Your instructions ->
Transcribe, exactly and without pictures, the lines below from the line with "Міцна дерев’яна основа, вкрита" to the line with "バルコニー用小型テーブルセッ", both ends included, and no others.

Records for this exercise ->
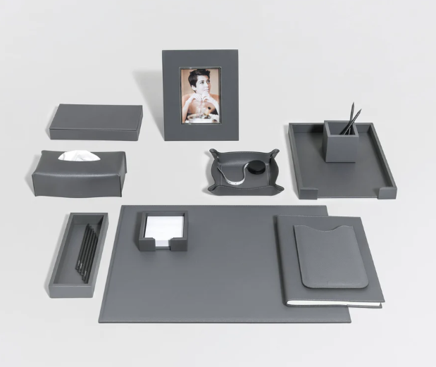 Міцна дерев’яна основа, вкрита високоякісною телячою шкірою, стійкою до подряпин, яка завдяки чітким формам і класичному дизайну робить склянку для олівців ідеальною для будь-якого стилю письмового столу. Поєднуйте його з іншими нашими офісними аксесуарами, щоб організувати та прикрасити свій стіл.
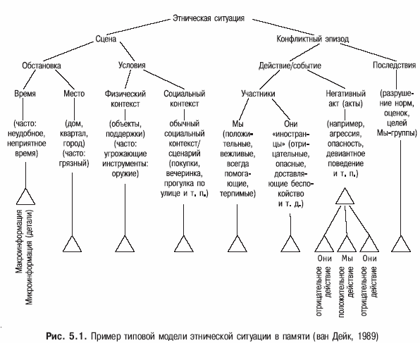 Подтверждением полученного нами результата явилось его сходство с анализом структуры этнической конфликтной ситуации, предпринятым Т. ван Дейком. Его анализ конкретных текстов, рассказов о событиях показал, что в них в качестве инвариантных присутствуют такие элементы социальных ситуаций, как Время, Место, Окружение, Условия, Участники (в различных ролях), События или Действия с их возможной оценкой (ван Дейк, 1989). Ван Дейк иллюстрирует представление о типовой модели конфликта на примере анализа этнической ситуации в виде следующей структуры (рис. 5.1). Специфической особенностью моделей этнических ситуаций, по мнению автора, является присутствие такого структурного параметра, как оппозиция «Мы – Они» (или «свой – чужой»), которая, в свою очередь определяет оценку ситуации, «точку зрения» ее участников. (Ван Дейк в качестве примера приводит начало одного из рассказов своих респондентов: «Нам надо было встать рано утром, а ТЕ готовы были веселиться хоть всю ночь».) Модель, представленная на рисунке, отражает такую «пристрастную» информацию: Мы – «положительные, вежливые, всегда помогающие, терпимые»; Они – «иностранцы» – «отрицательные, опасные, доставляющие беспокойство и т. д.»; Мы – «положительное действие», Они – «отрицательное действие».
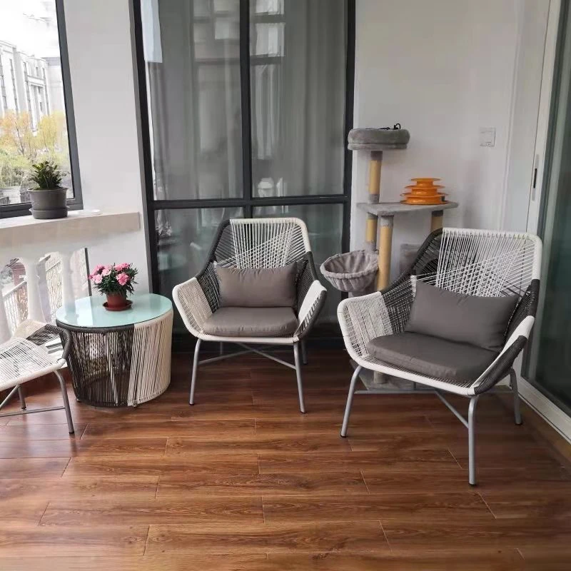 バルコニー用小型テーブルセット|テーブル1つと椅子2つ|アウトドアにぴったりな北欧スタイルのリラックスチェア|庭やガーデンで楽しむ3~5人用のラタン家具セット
--
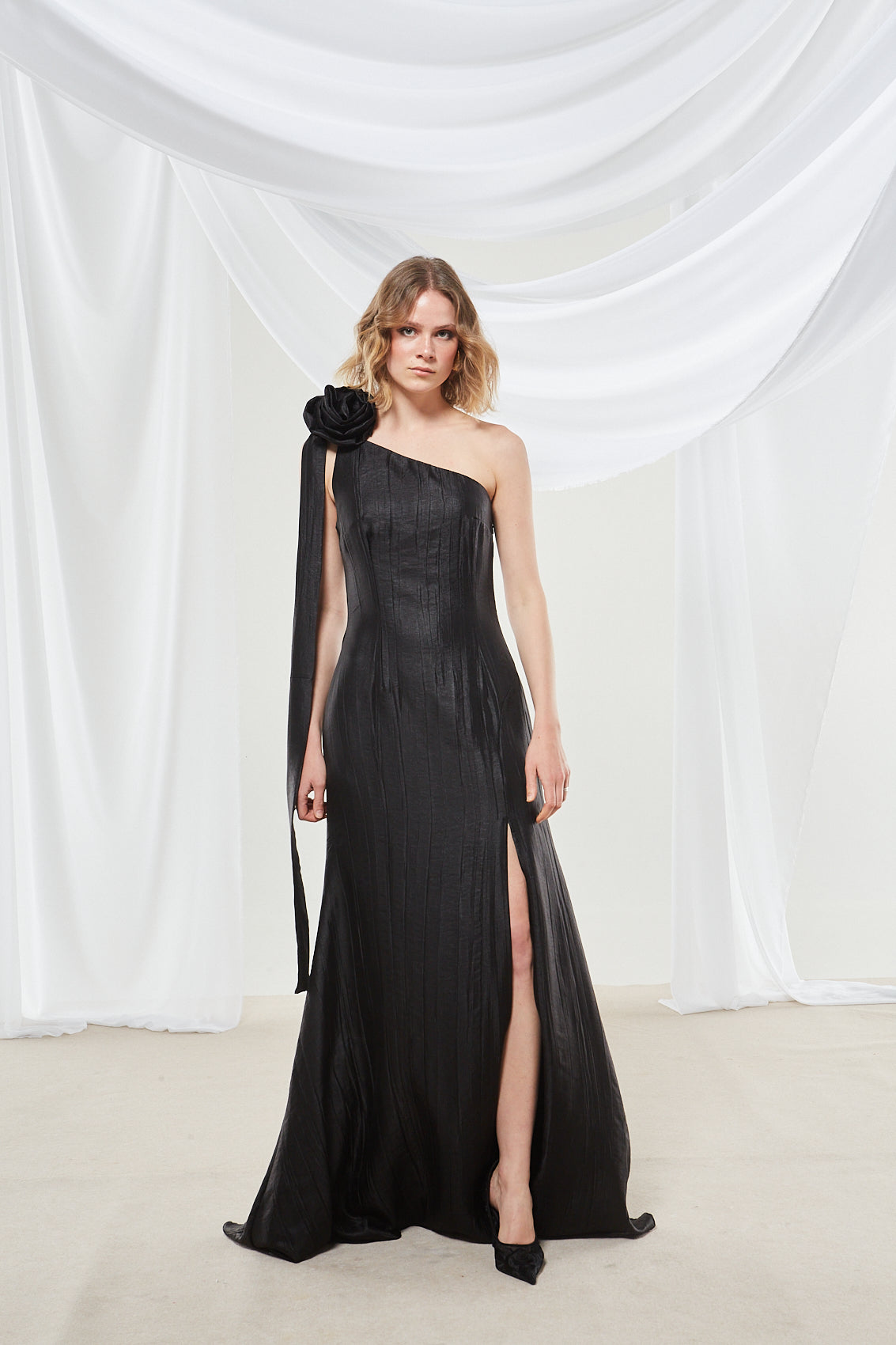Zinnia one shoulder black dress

Task answer ->
 Міцна дерев’яна основа, вкрита високоякісною телячою шкірою, стійкою до подряпин, яка завдяки чітким формам і класичному дизайну робить склянку для олівців ідеальною для будь-якого стилю письмового столу. Поєднуйте його з іншими нашими офісними аксесуарами, щоб організувати та прикрасити свій стіл.
 Подтверждением полученного нами результата явилось его сходство с анализом структуры этнической конфликтной ситуации, предпринятым Т. ван Дейком. Его анализ конкретных текстов, рассказов о событиях показал, что в них в качестве инвариантных присутствуют такие элементы социальных ситуаций, как Время, Место, Окружение, Условия, Участники (в различных ролях), События или Действия с их возможной оценкой (ван Дейк, 1989). Ван Дейк иллюстрирует представление о типовой модели конфликта на примере анализа этнической ситуации в виде следующей структуры (рис. 5.1). Специфической особенностью моделей этнических ситуаций, по мнению автора, является присутствие такого структурного параметра, как оппозиция «Мы – Они» (или «свой – чужой»), которая, в свою очередь определяет оценку ситуации, «точку зрения» ее участников. (Ван Дейк в качестве примера приводит начало одного из рассказов своих респондентов: «Нам надо было встать рано утром, а ТЕ готовы были веселиться хоть всю ночь».) Модель, представленная на рисунке, отражает такую «пристрастную» информацию: Мы – «положительные, вежливые, всегда помогающие, терпимые»; Они – «иностранцы» – «отрицательные, опасные, доставляющие беспокойство и т. д.»; Мы – «положительное действие», Они – «отрицательное действие».
 バルコニー用小型テーブルセット|テーブル1つと椅子2つ|アウトドアにぴったりな北欧スタイルのリラックスチェア|庭やガーデンで楽しむ3~5人用のラタン家具セット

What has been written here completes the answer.